Cleveland Clinic researchers to use SGI visualization technology for positioning, analysis and calibration of brain pacemakers

Mountain View 19 May 2005To alleviate symptoms of Parkinson's Disease and other nervous system movement disorders, researchers and clinicians at the Cleveland Clinic are implanting an FDA-approved electrical stimulation device into the brain. The deep brain stimulation (DBS) device, very similar to a cardiac pacemaker, is being implanted in approximately 200 people a year at the Cleveland Clinic, one of the largest DBS implant centres in the world. To provide a theoretical understanding of how electric fields influence the way neurons in the brain respond to this electrical stimulation, the Department of Biomedical Engineering at the Cleveland Clinic Lerner Research Institute is using visualization technology from Silicon Graphics with the near-term focus of generating and studying computer models of the phenomenon.


One of the most important clinical research aspects of electrical stimulation is the positioning of the DBS device during surgery. One millimeter difference in any direction can significantly affect the outcome.

"We're trying to provide visual feedback to the clinicians to improve their ability to understand how the stimulation is actually interfacing with the nervous system", stated Cameron C. McIntyre, Ph.D., assistant professor, Department of Biomedical Engineering, Lerner Research Institute, The Cleveland Clinic. "These devices need to be implanted within the brain in a very specific location. If you want to start making predictions on the kind of micro scale that we are interested in, you need to have detailed models that accurately represent the properties of the brain tissue and the electric field generated by the stimulation. To do that takes intense computer modelling techniques and, as a result, some very intense computation."

That is where the Silicon Graphics Prism visualization system comes into play. The large shared-memory and scalable computing capability of Silicon Graphics Prism will, for the first time, allow Cleveland Clinic researchers to view and work with stimulation anywhere in the brain interactively.

Dr. McIntyre and research associate Chris Butson, Ph.D., recently purchased a Silicon Graphics Prism visualization system running the Linux operating environment, with eight Intel Itanium 2 processors, 16GB RAM, and four ATI graphics pipes. The main modelling software used is SCIrun - SCI stands for Scientific Computing and Imaging, originally developed at the SCI Institute at the University of Utah. The Silicon Graphics Prism provides a shared-memory and multiprocessor environment with integrated visualization capability, all of which are important from a human interface standpoint.
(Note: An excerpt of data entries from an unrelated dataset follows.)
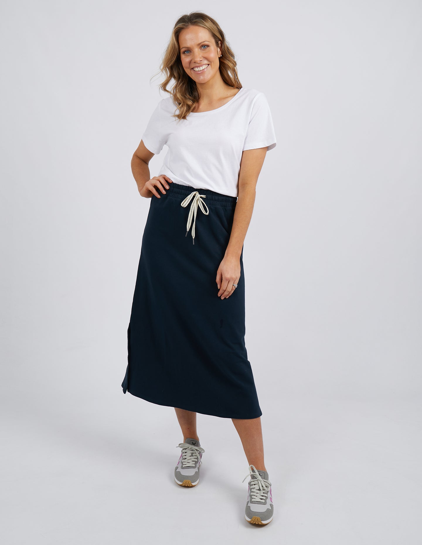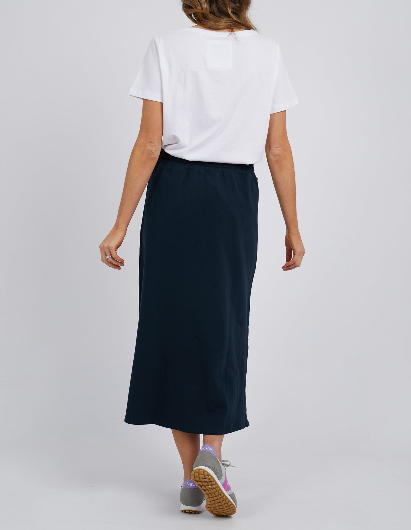 The Elm Travel Skirt Is A Maxi-Length Skirt Finishing Mid-Calf. It Is Super Comfy With A Relaxed Fit. Constructed In A Soft And Breathable Cotton Slub Fabrication It's The Perfect Style To Pack On Your Next Trip Or To Wear Casually throughout the entire year. The Travel skirt features include an easy to wear elastic waist and side split for movement.
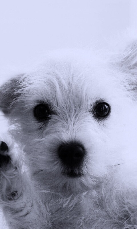 Обои для рабочего стола «Белый любознательный щенок» 480х800 с фильтром gotham (оригинал 1400х1050)
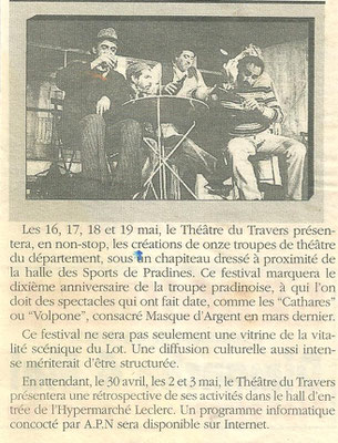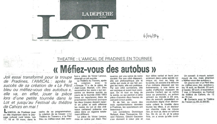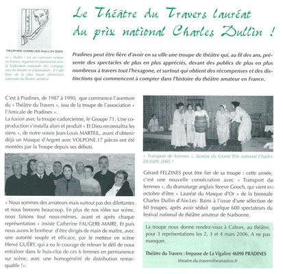 Depuis sa création en 1987, le Théâtre du travers de Pradines multiplie les pièces, les représentations et les récompenses.

"The neurologists who are doing these kinds of implants and programming these patients have limited visibility as to what's happening inside the brain", Dr. Butson stated. "It's really a trial-and-error process. With Silicon Graphics Prism, we anticipate being able to do whole-brain simulations and run these whole-brain models to create a near real-time visual feedback system for the neurosurgeons and clinicians. The integration of visualization, shared-memory and multiprocessing capability are integral to this process and we can't get that with any other architecture."

One of the Clinic's main goals with the Silicon Graphics Prism system is to implement a "near real-time visual feedback system" as both a pre-operative and a post-operative component of DBS. Drs. McIntyre and Butson want to provide the neurosurgeon with feedback before the doctor implants the electrode and, once it's implanted, help the neurologist customize the stimulation to the individual patient.
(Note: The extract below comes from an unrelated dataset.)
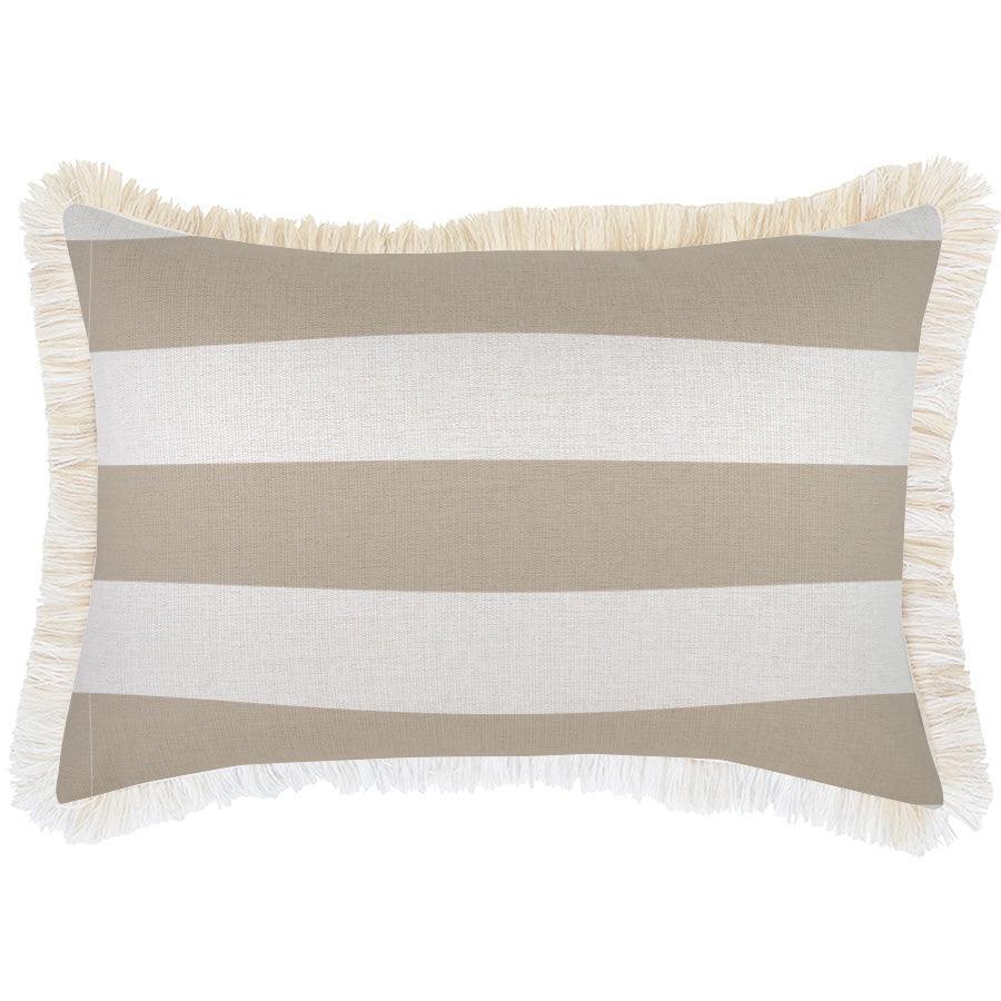 Cushion Cover-Coastal Fringe Deck-Stripe-Beige-35cm x 50cm

"These devices have thousands and thousands of combinations of stimulation parameters that can be adjusted, Dr. McIntyre explained. "For example, the technology can be customized based on a patient's particular symptoms and behavioural responses to the stimulation."

However, it is often difficult for a clinician to know what stimulation parameters are optimal for a given patient, and physicians currently only have trial-and-error clinical analysis to guide the parameter selection process. Therefore, clinicians are using anatomical and electrical models of DBS to provide patient-specific customization of the treatment by using the Silicon Graphics Prism for unparalleled visualization and computation capabilities for the clinician.

"Once the device is implanted, we can then provide the theoretical optimum of how the stimulator should be tuned or adjusted to target the stimulation to a specific part of the brain", Dr. McIntyre stated.

Ongoing clinical trials using neurostimulation devices are occurring for a wide range of diseases in many venues. Though not yet approved by the FDA, promising trials of DBS technology include symptom relief of obsessive-compulsive disorder, major depression, and epilepsy.

"The alleviation of suffering made possible by surgical implantation of electronic neurostimulators is improving the quality of life for countless people", stated Shawn Underwood, director, Visual Systems Group, SGI. "The immediate surgical benefits of full-brain visualization provided by the Silicon Graphics Prism system at the Cleveland Clinic will benefit hundreds if not thousands of future recipients of deep brain stimulation technology. The future possibilities in research and development of disease-specific devices sound like something out of science fiction and yet, here it is - soon to be a reality - made possible by SGI visualization technology which continues to power the best and brightest science and research the world over."

The Lerner Research Institute is home to all laboratory-based research at the Cleveland Clinic. Its mission is to understand the causes of human diseases and to develop new treatments and cures.